There are probably ways to improve the performance of edge cases like this (such as pruning the tree that you search upfront to contain only nodes that are plausible), but given that this is a reasonably experimental feature anyway, it's fair enough to assume that the trees that you search for aren't too generic. Bear that in mind!
Conclusion
Overall, the DependencyMatcher
can be a useful tool in your SpaCy toolbox for doing more complicated,
linguistically motivated data mining, particularly for tasks such as relation extraction. Hopefully,
with some of the code snippets above, you'll be able to work around the complexity involved in using it,
and create some cool applications.
All the code for this blog post (and some more, for visualisation) is available in this Google Colab.
There are lots of possible extensions to this blog post - for example, i've been working on a relation extraction system using the public data available from "A global network of biomedical relationships derived from text". This paper applies Ensemble Biclustering for Classification to dependency paths between entities, hierarchically clustering them in an unsupervised way into different groups of interaction relations for several different entity types. The paper is very good, I would recommend it!
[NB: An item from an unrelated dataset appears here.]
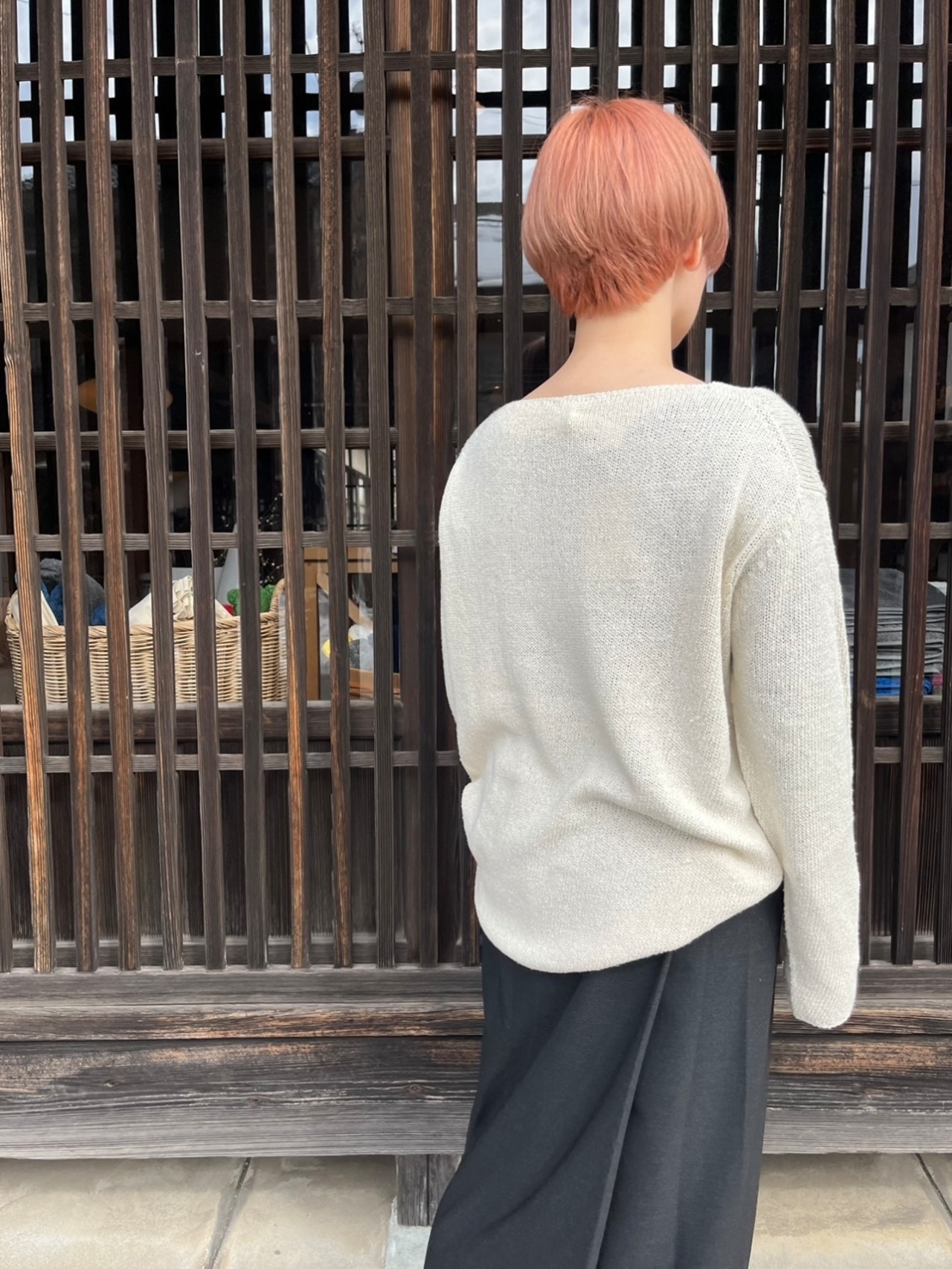 5Gの糸で編んでいるので、すこしざっくりとした落ち感のあるシルエット。

There's a more complicated colab here with some work in progress analysis of the dependency paths they have provided for one of the entity types they provide in their data release. I'm working on distilling the paths they provide into a smaller set of higher precision patterns, which could be used more effectively for relation extraction. I'm not sure how it will turn out!